У обоих Древних росли редкие бороды, а у одного выступала грудь. Вэн узнал самку, он видел ее много раз. Это была та самая самка, которая особенно старательно украшала свое сари, или как еще назвать обрывки разноцветной бумаги и пластика.
Вэн не думал, что они его заметят, но почувствовал большое облегчение, когда спустя какое-то время Древние повернулись и ушли. При этом они не обменялись ни единым словом. Вэн почти никогда не слышал, чтобы жабомордые разговаривали. А когда такое происходило, он не понимал их речь. Сам же Вэн прилично изъяснялся с Мертвецами на шести языках: испанском — своего отца, английском — матери, а также на немецком, русском, китайском и финском.
«Как только Древние ушли в глубь золотого коридора — быстро беги, бери книги и сматывай», — учили его Мертвецы. Так Вэн и поступал. Он схватил три книги и благополучно вернулся б красный коридор. Может, Древние видели его, а может, и нет — они не умеют быстро реагировать. Поэтому ему удавалось так долго скрываться от них. Несколько подобных вылазок, и Вэн исчезал. К тому времени, как Древние обнаруживали пропажу, он успевал вернуться на корабль.
Вэн отнес книги на корабль, уложив их в корзину, нагруженную пакетами с едой. Он мог улететь в любую минуту, но немного опасался за аккумуляторы, которые следовало все-таки подзарядить.
Особенно торопиться Вэну было некуда. Почти час он занимался тем, что наполнял пластиковые мешки водой для долгого скучного пути. Вэн жалел, что на корабле нельзя читать. По крайней мере было бы не так скучно.
Устав от работы, Вэн решил попрощаться с Мертвецами. Они могли ответить ему, а могли и промолчать. Но больше поговорить все равно было не с кем.
К этому времени Вэну исполнилось пятнадцать лет. Он был высок, жилист, очень смугл по природе, но еще больше загорел от огней на корабле, где постоянно находился. Будучи сильным малым, Вэн полагался только на себя. Да иначе и не могло быть. В хопперах всегда есть пища и все, что требуется для нормальной жизни, надо только не побояться взять. Раз или два в год Мертвецы, если вспоминали, хватали его своей маленькой подвижной машиной и перевозили в голубое помещение. Там он проводил изнуряюще скучный день, подвергаясь тщательному физическому обследованию. Иногда ему лечили зубы, обычно вводили долгодействующие витамины и минеральные растворы, а один раз снабдили очками. Но Вэн наотрез отказался их носить.

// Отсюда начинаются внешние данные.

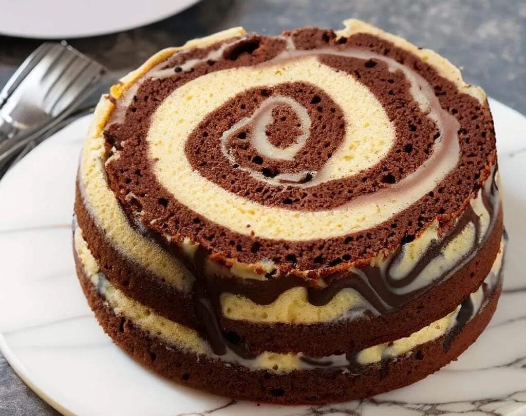 Chocolate Vanilla Sponge Cake with Marble Swirl

Почти каждый раз Мертвецы напоминали ему о необходимости учиться — у них самих и у книг. Но об этом они Могли бы и не говорить — Вэну нравилось учиться. А в остальном он был полностью предоставлен самому себе. Если ему нужна была одежда, Вэн шел в золотые коридоры и крал у Древних. Если становилось скучно, он находил какое-нибудь немудреное, но интересное занятие. Так жизнь и шла: несколько дней в коридорах, несколько недель в корабле, затем небольшой перерыв, и все начиналось заново. Время летело незаметно.

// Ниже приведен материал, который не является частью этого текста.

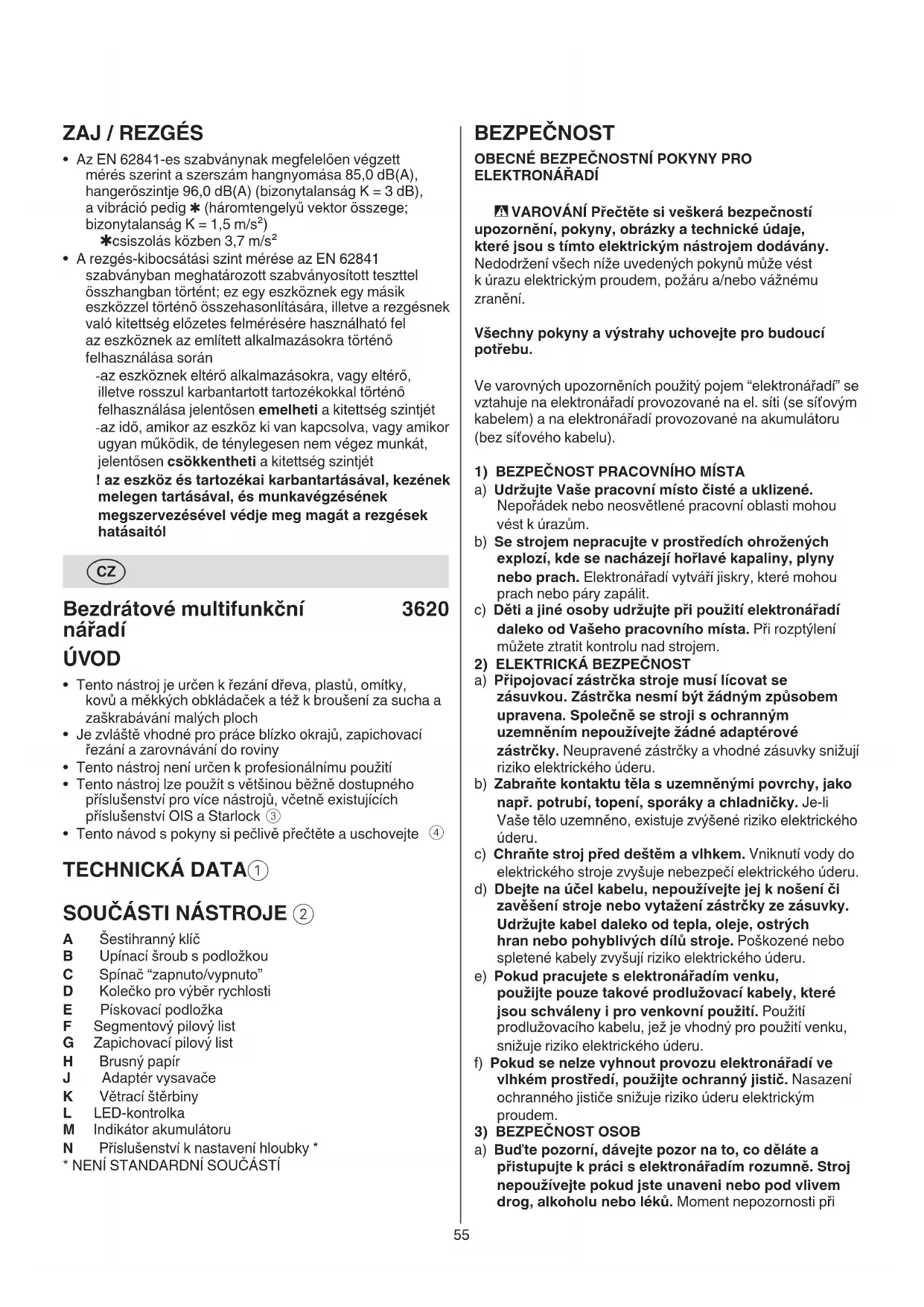 A Šestihranný klíč B Upínací šroub s podložkou C Spínač “zapnuto/vypnuto” D Kolečko pro výběr rychlosti E Pískovací podložka F Segmentový pilový list G Zapichovací pilový list H Brusný papír J Adaptér vysavače K Větrací štěrbiny L LED-kontrolka M Indikátor akumulátoru N Příslušenství k nastavení hloubky *

Друга или приятеля у Вэна не было, как и родственников, которые бесследно исчезли, когда ему едва исполнилось четыре года. Он почти забыл, что это такое — иметь близкого человека. Но к тому времени Вэну уже было почти все равно — он свыкся со своим существованием. Такая жизнь казалась ему естественной и вполне сносной, и Вэн никогда не пытался анализировать ее — ему просто не с чем было сравнивать.
Иногда Вэн думал, что неплохо было бы поселиться в одном месте, но дальше размышлений об этом он не шел. До твердого решения дело никогда не доходило. Уже одиннадцать лет он, словно челнок, сновал туда и обратно. Там, где он отдыхал от полетов, были такие вещи, которых нет у цивилизации. Например, комната для снов, где можно лечь, закрыть глаза и не чувствовать себя одиноким. Но жить в этом месте он не мог, несмотря на обилие пищи и отсутствие опасностей. У цивилизации же было много такого, что не имело отдаленное поселение. Мертвецы и книги, захватывающие экспедиции и смелые набеги за одеждой и вещами. Там жизнь была полна интересных событий, но жить он не мог и здесь. Рано или поздно жабомордые его все равно поймали бы. Поэтому Вэн предпочитал передвигаться.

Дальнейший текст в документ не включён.